This is taken from Dummit & Foote, chapter 15.2, exercise 5. I am only quoting the part I am currently having trouble with:
If $I = (xy,(x-y)z)$ is an ideal in $k[x,y,z]$ where $k$ is a field, then $\operatorname{rad} I = (xy,xz,yz)$.
I have been able to show that $(xy,xz,yz) \subseteq \operatorname{rad}I$, but I am having trouble showing that $\operatorname{rad}I \subseteq (xy,xz,yz)$.
I want to show that if $r \in k[x,y,z]$ is such that $r^n \in (xy,(x-y)z)$ for some $n \in \mathbb{Z}^+$, then $r \in (xy,xz,yz)$. Clearly we have $r^n = r_1(xy)+r_2((x-y)z) = r_1(xy)+r_2(xz)-r_2(yz)$ for $r_1,r_2 \in k[x,y,z]$.
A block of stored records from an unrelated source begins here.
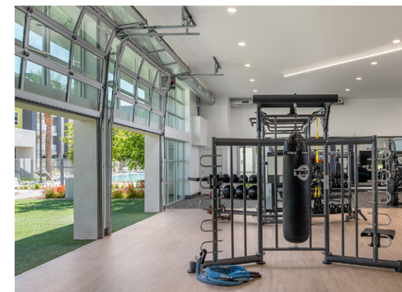
FITNESS CENTER AND OUTDOOR GRASS PRADO
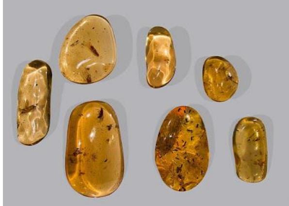
Copal from Madagascar with spiders, termites, ants, elateridae, hymenoptera, cockroach and a flower

Copal is a name given to tree resin from the copal tree Protium copal (Burseraceae) that is particularly identified with the aromatic resins used by the cultures of pre-Columbian Mesoamerica as ceremonially burned incense and other purposes.
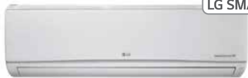
Gloss White 9,000 - 18,000 BTU
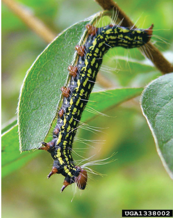
Figure 2. An adult azalea caterpillar.

When azaleas are missing significant amounts of foliage, the azalea caterpillar may be the cause. Often the caterpillar is not detected until most of the plant has been defoliated. Tips and margins of leaves can also appear rolled, damaged by feeding larvae inside.
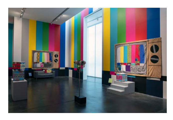
Derrick Adams On (installation view) 2018. Museum of Contemporary Art Denver.
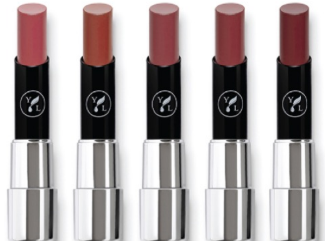
Icon (Dark pink) Muse (Copper brown) Untamed (Deep raspberry) Posh (Red burgundy) Siren (Cool plum)
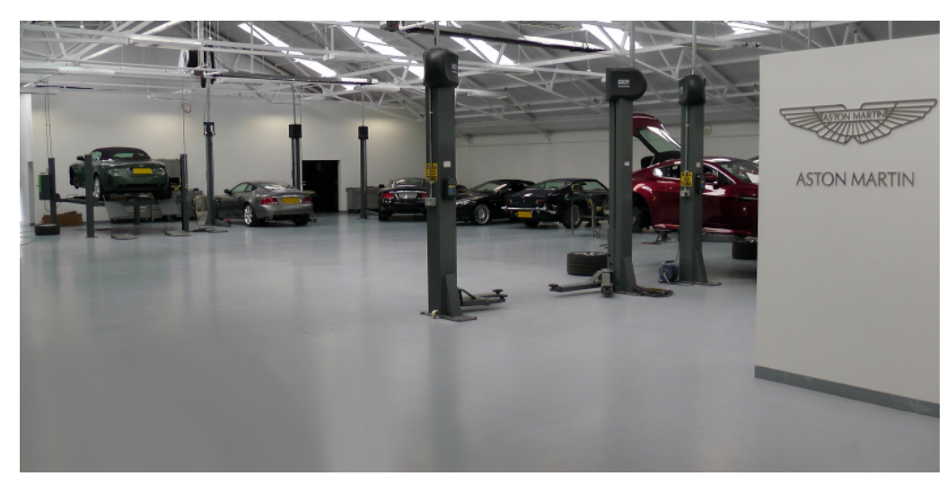
Our reference in Newport Pagnell (United Kingdon): Aston Martin Lagonda

Crack-bridging flooring solution for automotive workshops
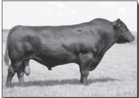
Woodhill Foresight - Sire of Lots 70-75.

• We used Foresight a couple years ago and our customers wanted more. He is a bull that covers a lot of bases. He is high growth with good carcass and makes real productive females. His dam is the popular Bon View Gammer 85 that also produced Bon View New Design 878.
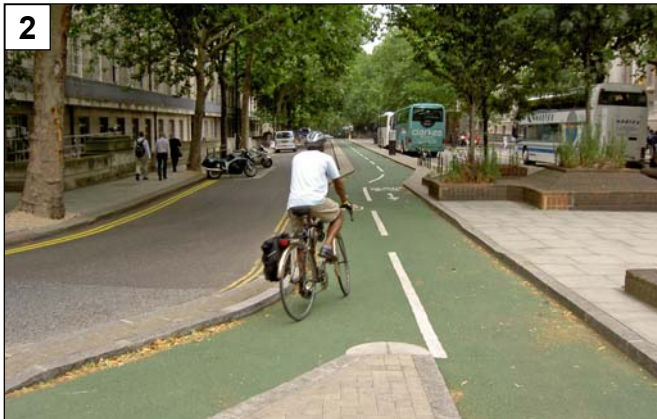
▲ Scheme Photo 2

BS\LCN\CAM.06 Sector Leader Fees Cost: £10 000
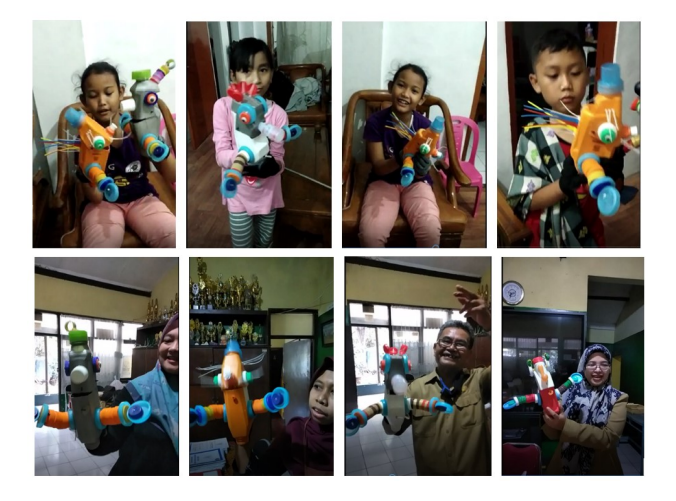
Figure 6. The initial prototype trial of Waboli V.2 conducted by the teachers and students

In addition to the foregoing, the teachers also stated that since the curriculum was replaced with the 2013 Curriculum, teachers could not teach specific language skills because the curriculum was thematic in their learning so that between one subject and other subjects were mixed or integrated. Meanwhile with regard to learning media, they stated that there was only one learning medium, namely instructional videos, while other non-digital media were only used in Grade I. This also causes teachers to be less free to develop the language skills or intelligence of their students.
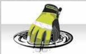
Waterproof Windproof Insulated
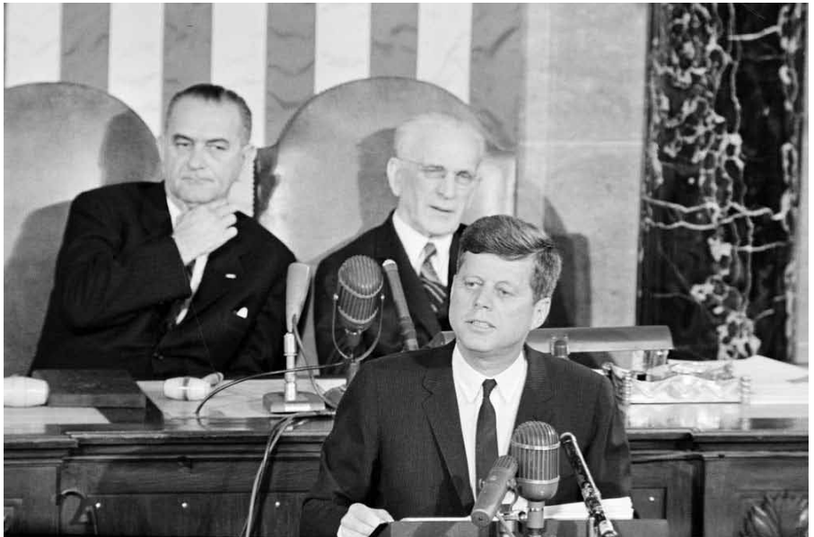
President John F. Kennedy viewed it as one of his great responsibilities to reduce Cold War tensions in an atmosphere of great fear over a possible nuclear war. Here he delivers his State of the Union address to Congress, Jan. 11, 1962.

So I went over, and then, he’s walking up and down, so I walk up and I put my arm around him, and we walked up and down for a while. And, what the hell
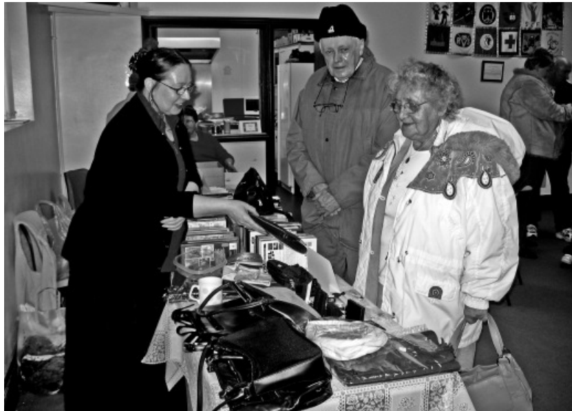
People interested in handbags at the Richmond Fellowship Fair

The organisation meets at the Community Centre twice a week and looks after the elderly with mental health who usually have a meal at the centre. Other activities which take place are bus trips, crafts and workshops.
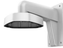
DS-1273ZJ-DM25 Wall Mount
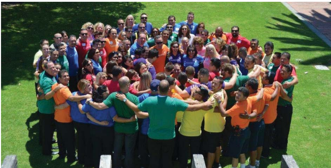
Camden's tight-knit culture
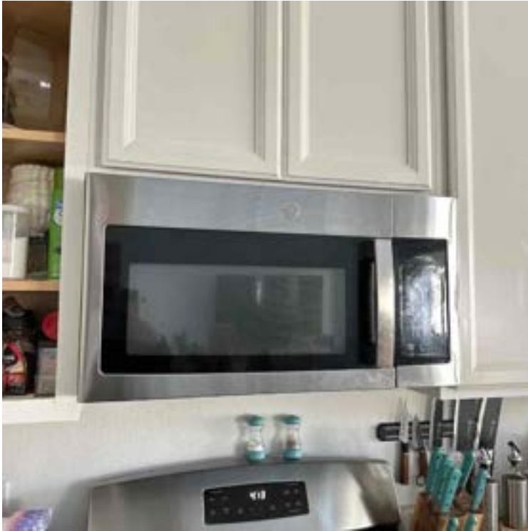
Loc: 28.6685, -81.5288

Interior / What Appliances are present at the property?
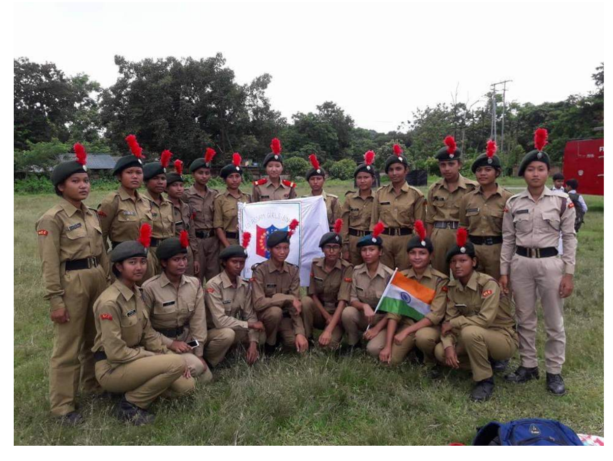
60 Bn NCC at Independence Day Program, 15th Aug 2020
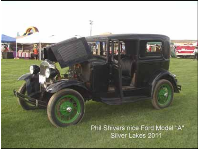
Phil Shivers nice Ford Model "A" Silver Lakes 2011
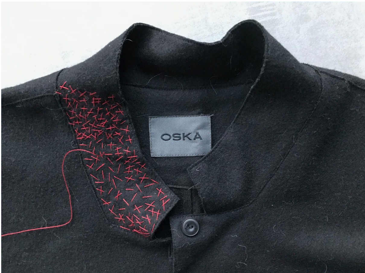
The boring black dress is coming along, complete with cat hairs, an occupational hazard...

Hand stitch, darning and patching all have the benefit of simplicity. No specialist materials are called for, everything you need will probably fit into a small box and you can pick things up, put them down and work at your own pace. Do have a go, you might be surprised at how satisfying it is.
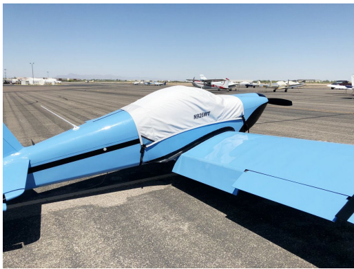
Van's RV-6 Canopy Cover

This cover type is made from Silver Acrylic Sunbrella canvas and is 100% lined with a soft and smooth microfiber. Bruce's Custom Covers developed this material combination especially for aircraft protection. The outer material is medium weight and treated for water resistance, UV resistance and anti-static buildup. The inner lining is a very soft and smooth microfiber to prevent scratching. The material is very reflective, and tests show that the cabin interior temperature can be reduced to near-ambient temperature on the hottest of days. It is water, ice and snow repellent, yet breathable to allow moisture to escape from between the cover and the aircraft surface.
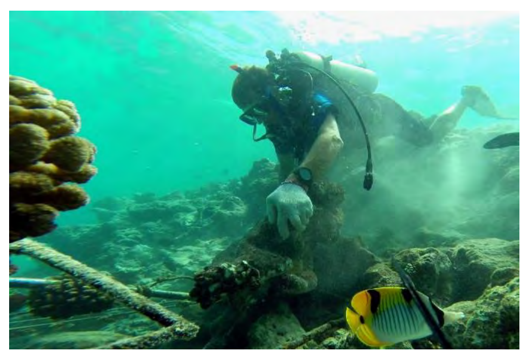
Fig. 10. The reef slope adjacent to the top of the grid was devoid of life and there was large gap а between the grid and the reef substrate (top). This was filled in with large coral boulders (bottom)

and deposited in the large gap between the grid and the reef slope. The area was completely filled in, resulting in a natural reef slope that was continuous from the grid to the shallow reef The rubble terrace. further stabilized the grid, and it resulted in a "cave" underneath the grid that provided refuge for the large resident grouper.
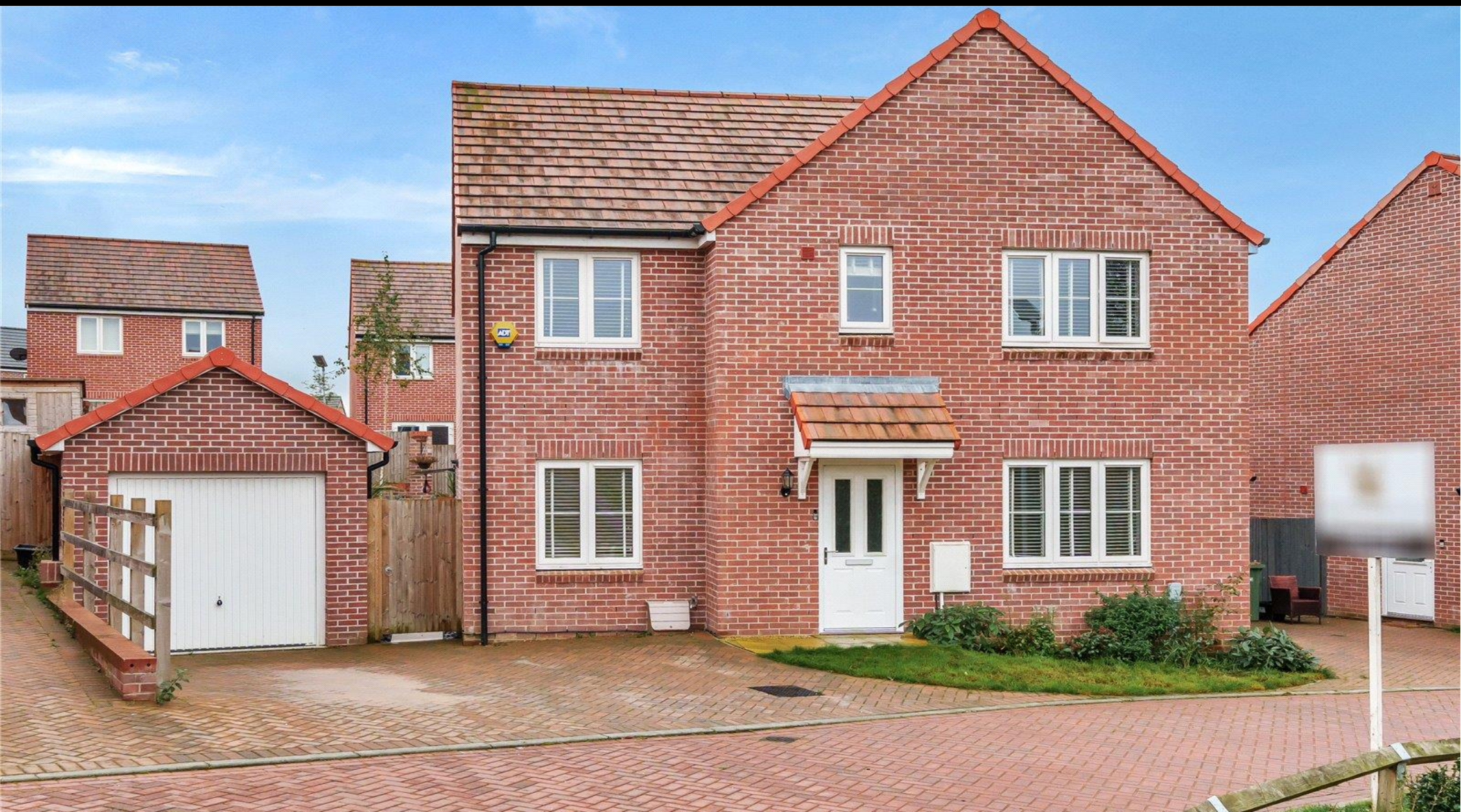
4 Holloway Mews, Fair Oak, Eastleigh, Hampshire, SO50 7HW

But then I get stuck and don't exactly know how to proceed to show that there exists $r'_1,r'_2,r'_3 \in k[x,y,z]$ such that $r = r'_1(xy)+r'_2(xz)+r'_3(yz)$.
Edit: I mean, we clearly have that $r^n \in (xy,xz,yz)$. Now, if I can show that $(xy,zx,yz)$ is a prime (which I am unsure if it is true), then I believe we are done, we can then conclude (in a finite number of steps) that $r \in (xy,xz,yz)$. The ideal is not a prime, since we have that $f = x$ and $g = y+z$ is such that $fg \in I$ but $f,g \not \in I$, if I am not mistaken (courtesy GPT-4).
For any monomial $a\in k[x,y,z]$, if $a$ involves more than one of $x,y,$ and $z$, then $a\in (xy,zx,yz)$ since $a$ must contain distinct neighboring formal variables. So it suffices to check univariate monomials.
If $r=x^k$ for some $k\in\Bbb N$, then $r^n\notin (xy,zx,yz) $ for any $n$, and similarly for $y^k$ and $z^k$. Then since each term of $r$ is either in the ideal $(xy,zx,yz)$ or is a univariate monomial, the binomial (or multinomial) theorem implies that $r$ cannot have a term of univariate monomial. In other words, $r\in(xy,zx,yz)$.